The growth in gross domestic product translates into an annualized expansion of 3.3 percent, compared with the earlier-reported 1.1 percent annualized rise, the Cabinet Office said.
The rates exceeded the average forecast by private-sector economists of 0.5 percent quarterly growth, or an annualized 1.5 percent.
Strong growth in capital investment and a rise in inventories were the main factors behind the upward revision, an official at the Cabinet Office said.
The revised data follow a government announcement last month that the economy has emerged from a soft patch stemming from inventory adjustments in the information technology sector.
“With firm growth in personal spending and investment, we hold to our view that the Japanese economy is spearheaded by domestic demand,” the official said.
Personal spending was revised downward to 0.6 percent.
He said the growth in inventories is not a serious problem, as inventories have recently tended to swing quarter by quarter and progress has been made in inventory adjustments in the IT-related sectors.
A rise in inventories pushes up GDP, though mounting inventories are usually taken as a negative sign in economic growth.
Many analysts were surprised at, but welcomed, the larger-than-expected economic expansion in the April-June period.
“Although the disaster of Hurricane Katrina in the United States and the spike in crude oil prices may temporarily hit the Japanese economy in the July-September period, it will probably grow back in the October-December quarter,” said Takehiro Sato, an economist and executive director at Morgan Stanley Japan Ltd.

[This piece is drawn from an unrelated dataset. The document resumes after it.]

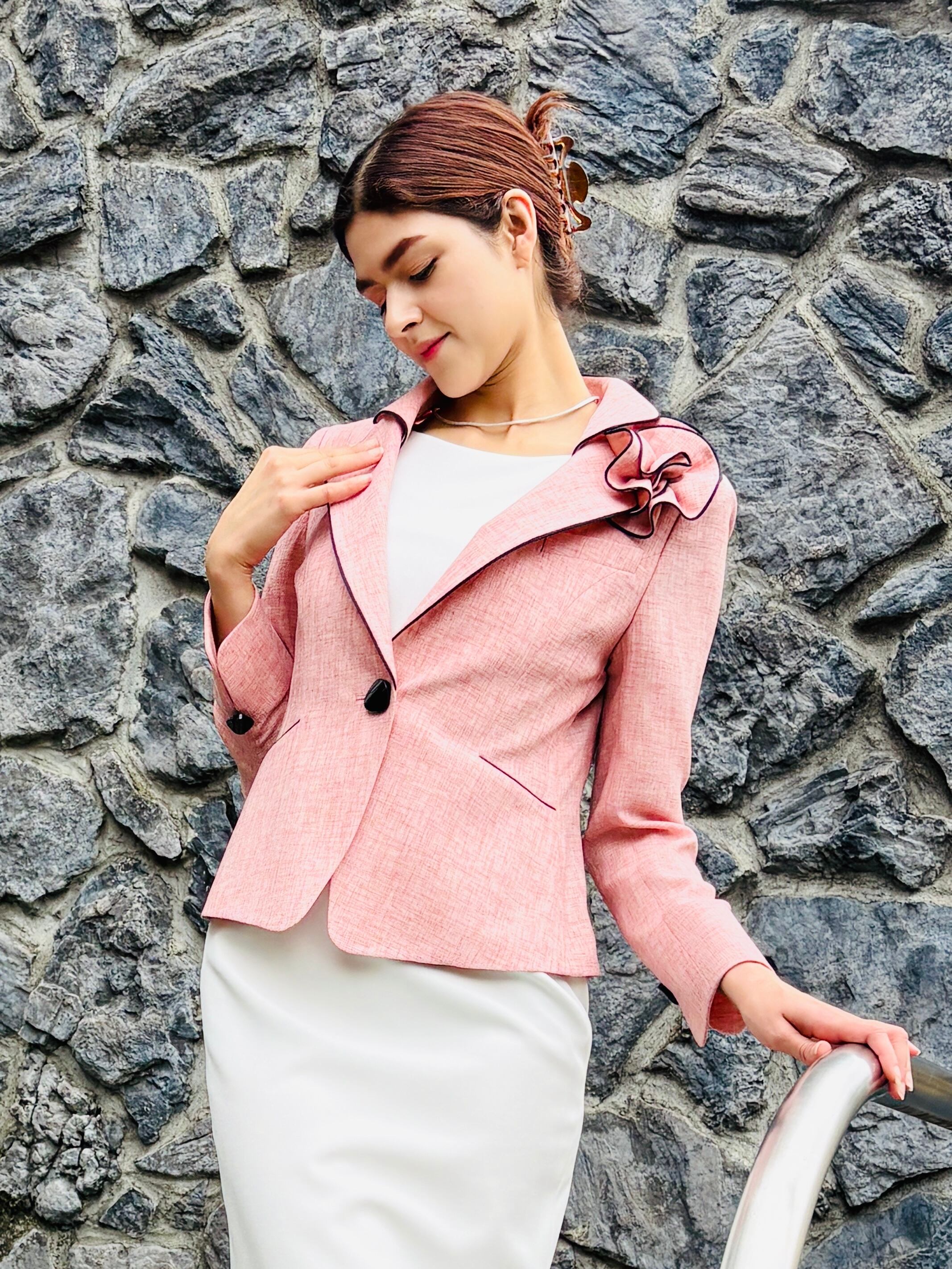 上質な軽やかさが魅力のカラージャケットです!軽い素材で仕立てられたこのジャケットは、着心地が良く、気軽に羽織れる一品となっています。紺のはみ出しがアクセントとなり、シンプルながらもスタイリッシュな印象を与えてくれます。

With the steady growth in the April-June period, the economy could grow a real 3.0 percent in fiscal 2005, he said.
On a nominal basis, GDP rose 0.4 percent, or an annualized 1.7 percent, in the second quarter of the year, compared with a 0.01 percent increase, or an annualized 0.03 percent rise, in the preliminary report.
In the April-June quarter, capital investment jumped a real 3.6 percent, revised upward from 2.2 percent in the initial report.